Методологически в операции картографирования, как она выявляется в интересном тексте Георгакаса и Суркина (или в единственном развернутом анализе когнитивного картографирования в одном культурном артефакте, который удалось завершить мне самому), следует подчеркнуть, что в актуальной мир-системе всегда присутствует медиатермин, действующий в качестве аналога или материальной интерпретанты той или иной социальной модели, репрезентационной в более прямом смысле. При этом возникает что-то вроде новой постмодернистской версии формулы базиса и надстройки, в которой репрезентация социальных отношений как таковых требует ныне опосредования той или иной промежуточной коммуникационной структурой, с которой она может быть считана косвенно. В фильме, который я сам изучал («Собачий полдень» 1975 г., режиссер Сидни Люмет)[326], возможность классовой фигурации в содержании (деградация прежней страты среднего класса до пролетаризации или наемного труда, возникновение фальшивого «нового класса» государственной бюрократии), с одной стороны, проецируется на мировую систему, а с другой — выписывается в форме собственно системы звезд, которая занимает промежуточное положение и прочитывается как интерпретанта содержания. Сартровское учение об аналоге позволило теоретизировать эту косвенность и ее механизмы, показав, что даже самой репрезентации, чтобы получить завершение, нужен заменитель, местодержатель или местоблюститель, своего рода мелкомасштабная модель радикально иного и более формального типа. Теперь кажется ясным, что такого рода триангуляция является исторически специфичной, обладая более глубоким отношением к структурным дилеммам, заданным постмодернизмом как таковым. Также она ретроактивно проясняет предварительное описание постмодернистского «теоретического дискурса», которое было предложено ранее (а также отрепетировано в странном новом идеологическом симбиозе, сложившемся при постмодернизме между медиа и рынком). В таком случае это не вполне теории, а скорее собственно бессознательные структуры, множество остаточных образов и вторичных эффектов собственно постмодернистского когнитивного картографирования, чей необходимый медиатермин выдает себя теперь за ту или иную философскую рефлексию о языке, коммуникации, медиа, а не за обработку его фигуры.

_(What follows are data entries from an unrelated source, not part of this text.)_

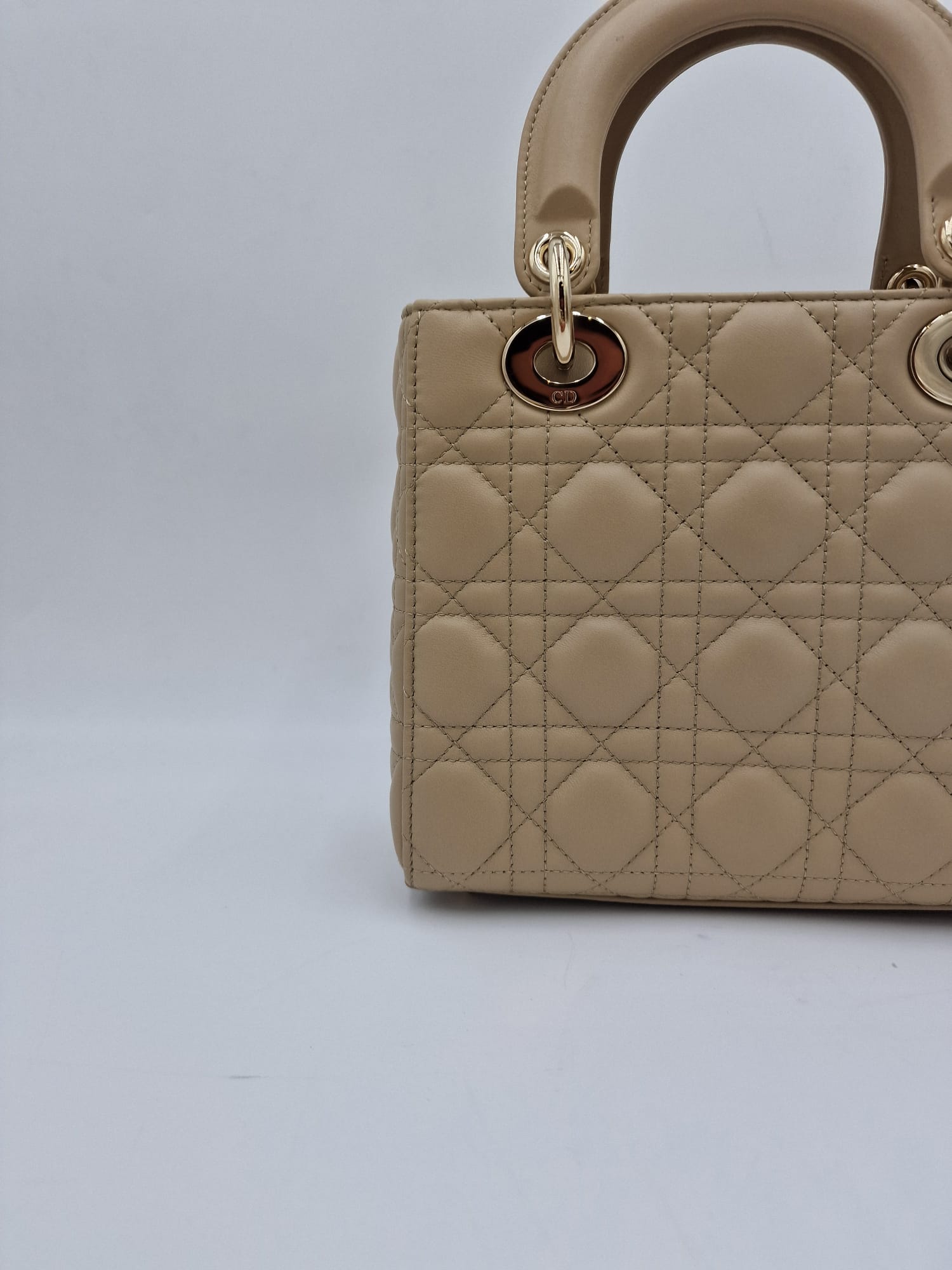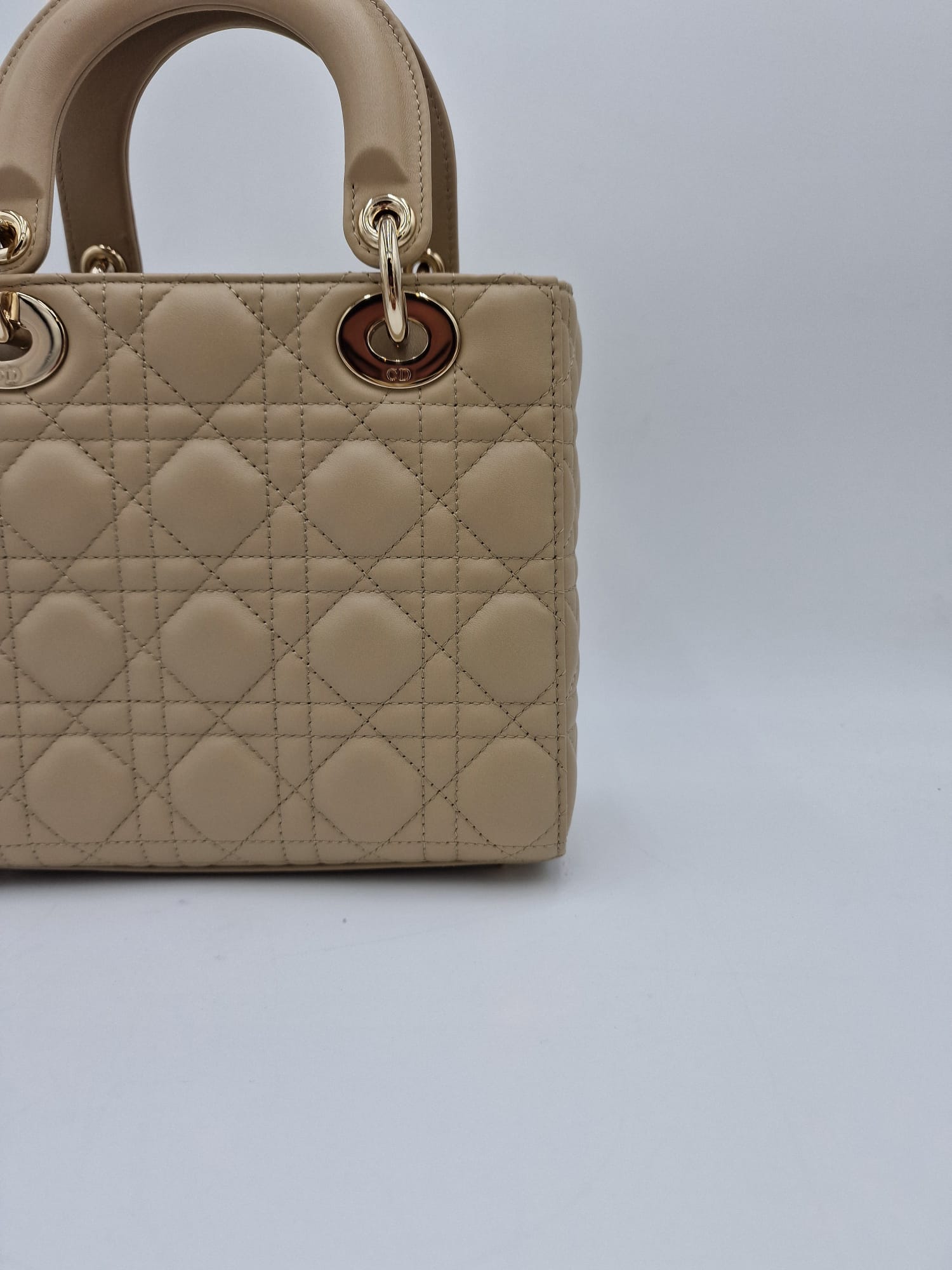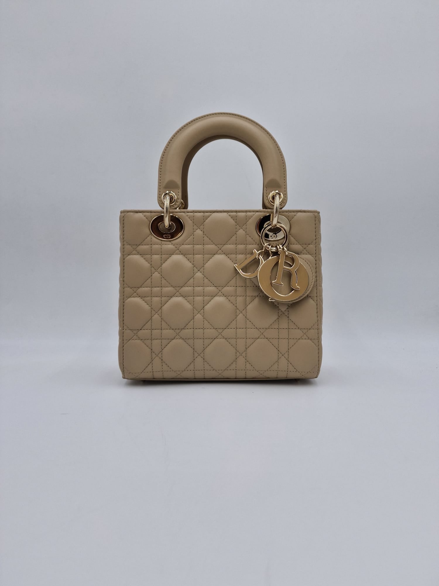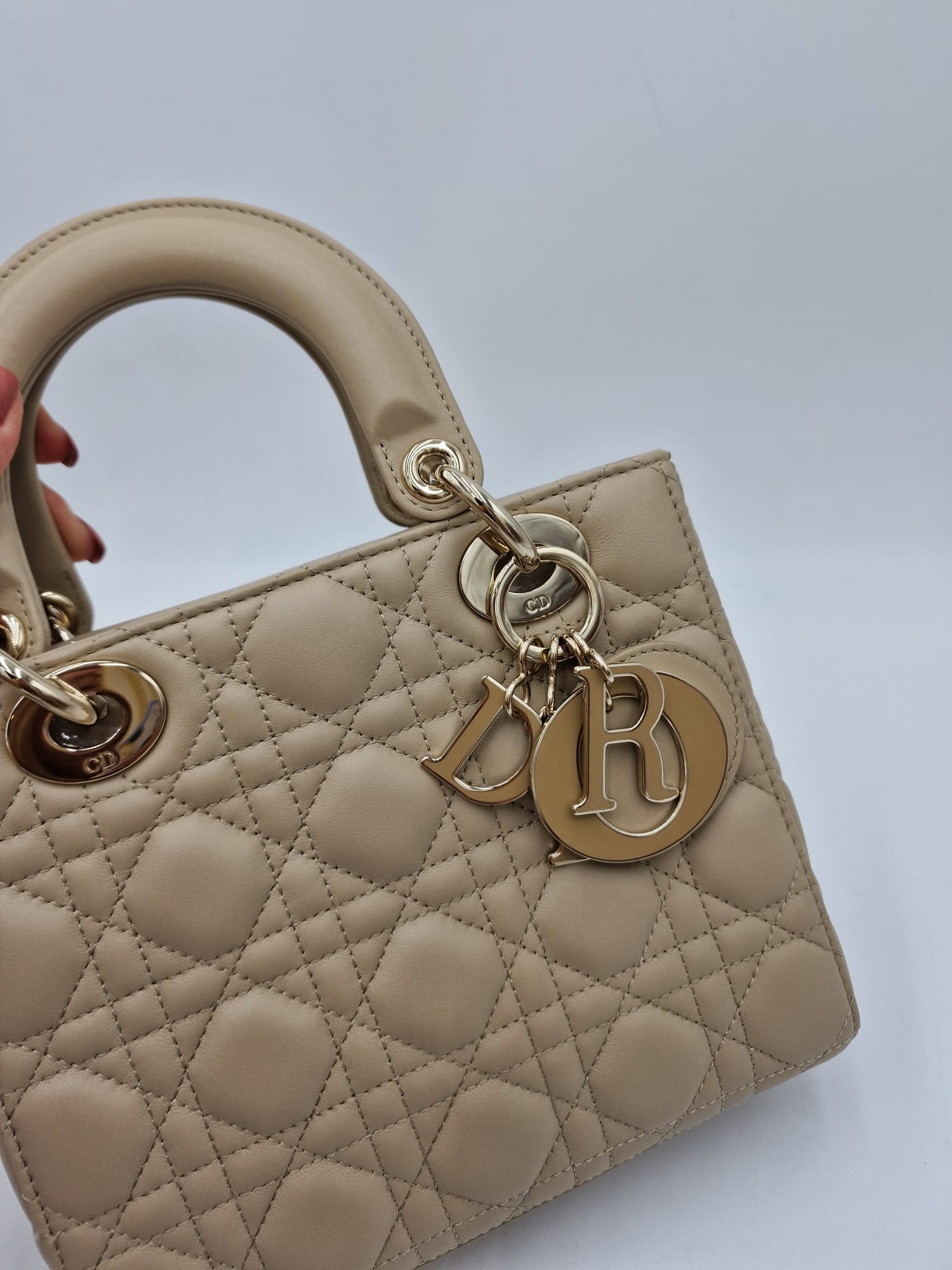 A bolsa Lady Dior personifica a visão de elegância e beleza da Maison. Elegante e refinado, o modelo intemporal é confeccionado em couro de bezerro bege com costuras Cannage, criando uma textura acolchoada instantaneamente reconhecível. Os charms D.I.O.R. exclusivos em metal com acabamento dourado embelezam e iluminam sua silhueta. Com uma alça de ombro fina e removível em couro, a pequena bolsa Lady Dior pode ser usada na mão ou transversal.
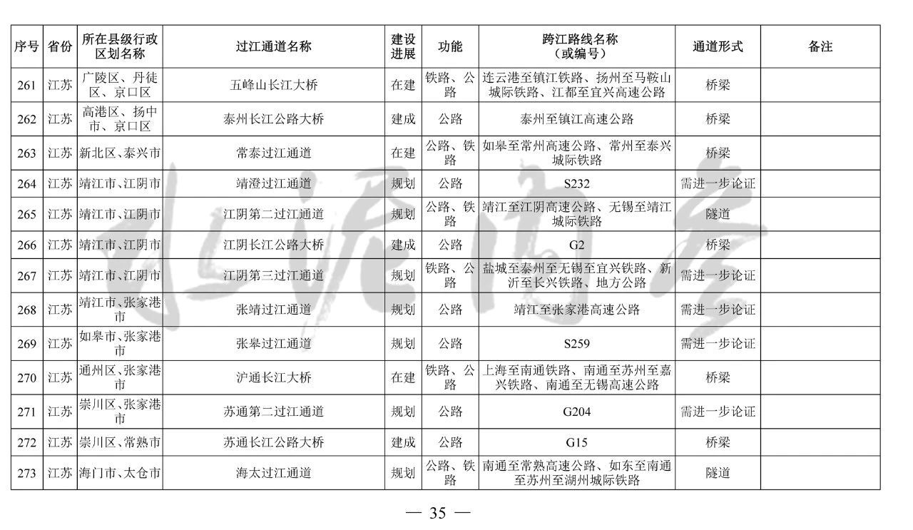 江蘇?。?3座):錦文路過江通道、南京地鐵4號線過江通道、南京市域快速軌道過江通道、南京上元門過江通道、南京七鄉(xiāng)河過江通道、龍?zhí)堕L江大橋、寧儀城際鐵路過江通道、潤揚第二過江通道、江陰第二過江通道、江陰第三過江通道、張皋過江通道、蘇通第二過江通道、海太過江通道
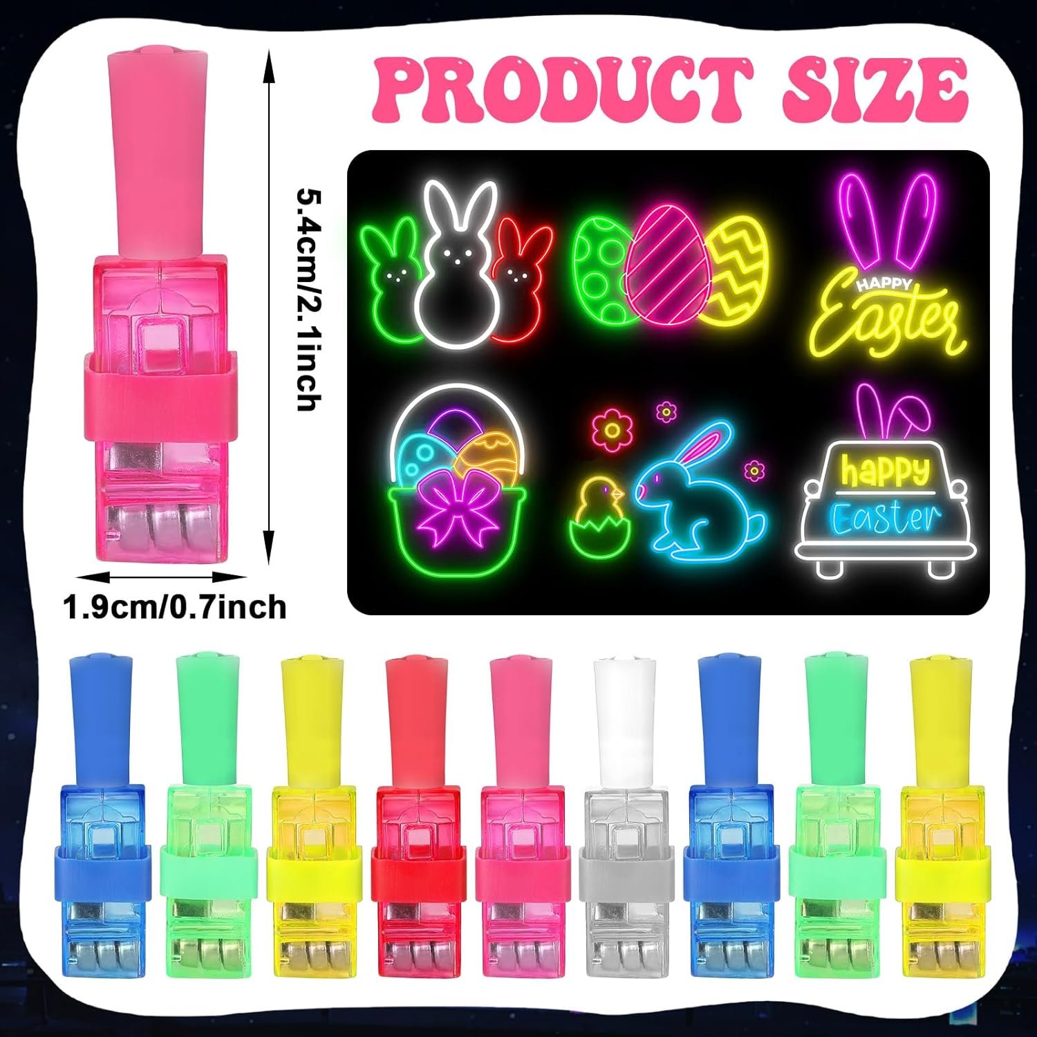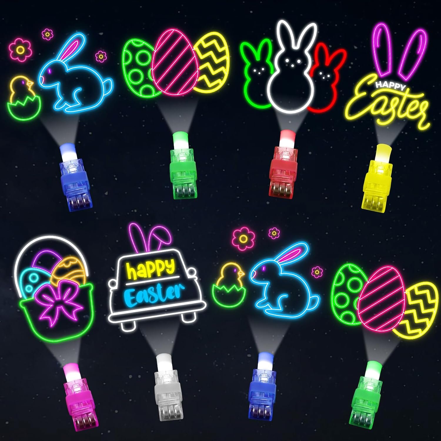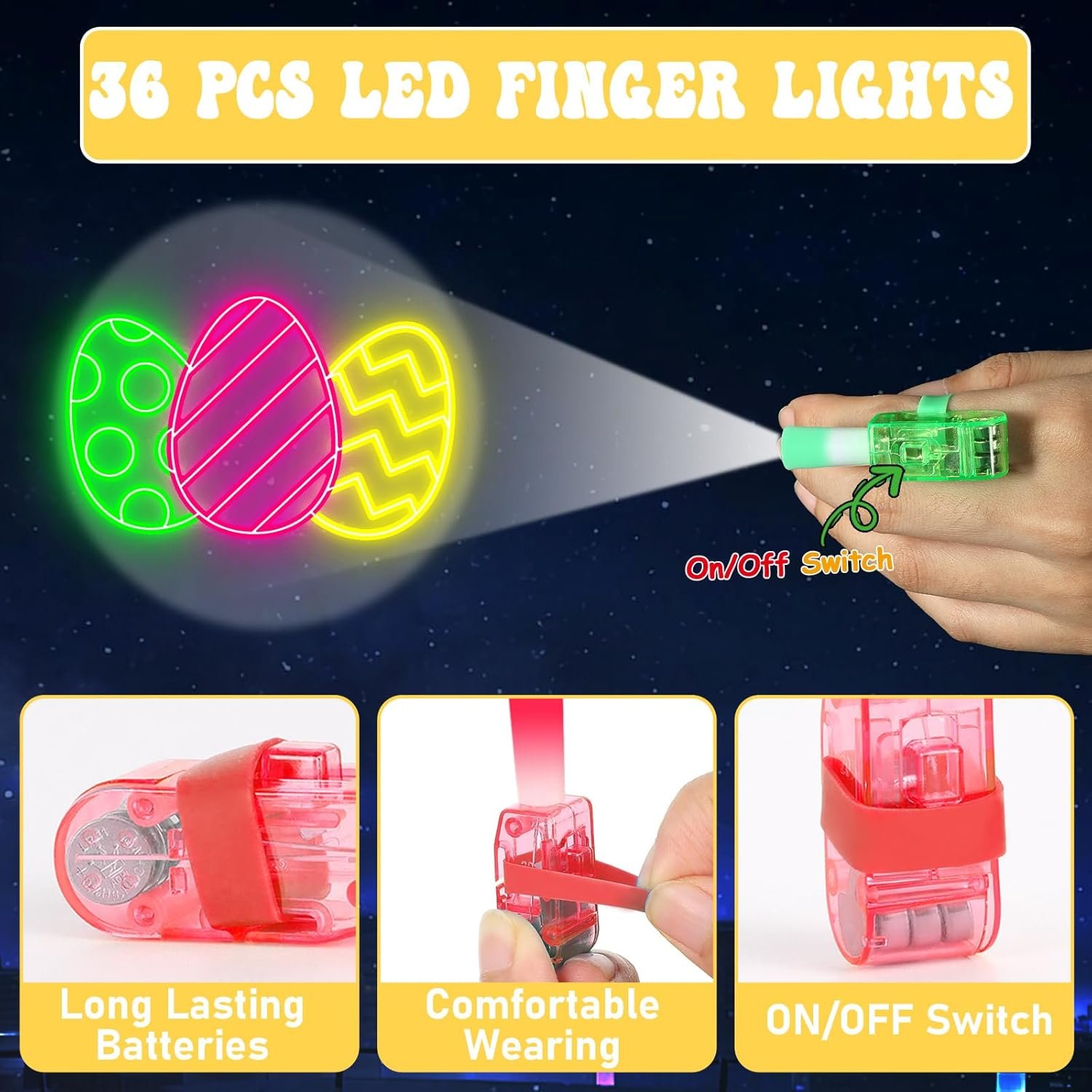 Easter Themed Party Favors : Come with 36 finger lights in 6 designs, each for 6 pcs. Just press the switch to project the Easter bunny egg main picture pattern anywhere. Guests will definitely love these Easter party favors gifts, making a huge hit at the Easter birthday party.
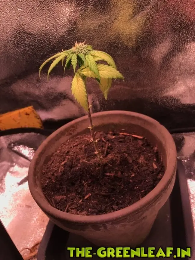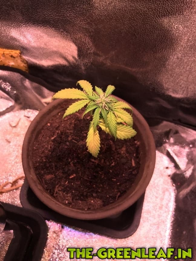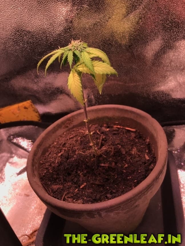 ..Er meint es wäre eine OG Kush Auto in der 3. Woche.. die 90% der Blätter hat er abgeschnitten weil sie wohl zu gelb waren.. naja
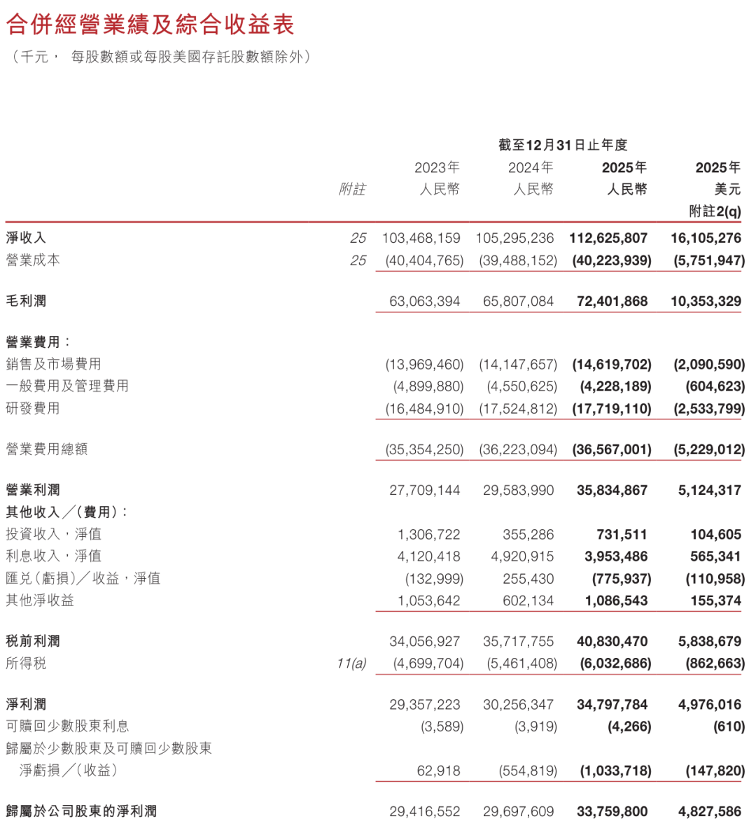 网易2023年、2024年、2025年运营利润分别为277亿、295.84亿、358.35亿元(约51.24亿美元);净利分别为293.57亿、302.56亿、348亿元(约49.76亿美元)。
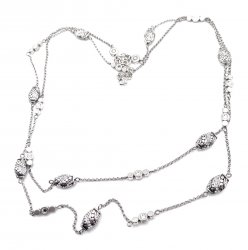 24 inches long, silver plated with cut crystal accents, pendant is 2.5 inches long. In excellent like new condition. Price: $98.00 Sale Price: $35.00 You Save: $63.00 (64%)
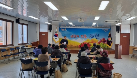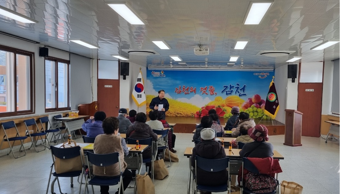 | 감천면행정복지 센터는 1월 12일 노인 일자리 사업 참여자 18명이 참석한 가운데 『2024년 노인 일자리 사업 안전교육』을 실시했다. 안전교육은 출퇴근길 교통안전 교육, 근로활동 중 사고 발생 대처 방법 순으로 진행되었다.

Сол Ландау сказал как-то о нашей сегодняшней ситуации, что в истории капитализма никогда не было такого момента, когда капитализм пользовался бы большей свободой и имел больше пространства для маневра: все опасные силы, порождаемые в прошлом им самим — рабочее движение и восстания, массовые социалистические партии и даже сами социалистические государства — сегодня пребывают в полной растерянности, если вообще так или иначе не нейтрализованы; в настоящее время глобальный капитал, судя по всему, способен следовать собственной природе и склонностям без особых опасений. В этом мы можем увидеть еще одно «определение» постмодернизма, причем весьма полезное, которое «пессимистичным» назовет лишь тот, кто не желает замечать происходящего. Постмодерн в этом смысле может быть всего лишь промежуточным периодом между двумя стадиями капитализма, на котором прежние формы экономической жизни перестраиваются на глобальном уровне, в том числе и прежние формы труда вместе с его традиционными организационными институтами и понятиями. Не нужно быть пророком, чтобы предсказать, что из этого конвульсивного рывка возникнет новый международный пролетариат (в формах, которые мы пока еще не можем себе представить), однако мы пока находимся на самой нижней отметке, и никто не знает, сколько это продлится.
Именно в этом смысле два вроде бы разных заключения к двум моим историческим статьям по актуальной ситуации (одна — о шестидесятых[327], а другая, ставшая первой главой в этой книге, — о постмодернизме) на самом деле совпадают: во второй я призываю к «когнитивному картографированию» нового глобального типа, о котором только что говорилось; в первой я предсказываю процесс пролетаризации на глобальном уровне. «Когнитивное картографирование» на самом деле было попросту шифром «классового сознания», но только оно говорило о необходимости классового сознания нового, доселе невиданного типа, в то же время отклоняя описание к новой пространственности, неявно присутствующей в постмодерне (и которую «Постмодернистские географии» Эдварда Соджи столь своевременно и убедительно вносят в теоретическую повестку). От выражения «постмодернистский» я порой сам уставал не меньше любого другого, но, когда мне кажется, что стоило бы пожалеть о том, что я приложил к нему руку, пожаловаться на злоупотребление этим понятием и его вездесущность, нехотя признав, что оно создает больше проблем, чем решает, я все-таки останавливаюсь и задаюсь вопросом о том, может ли какое-то другое понятие отразить эти проблемы столь же эффективно и одновременно экономно.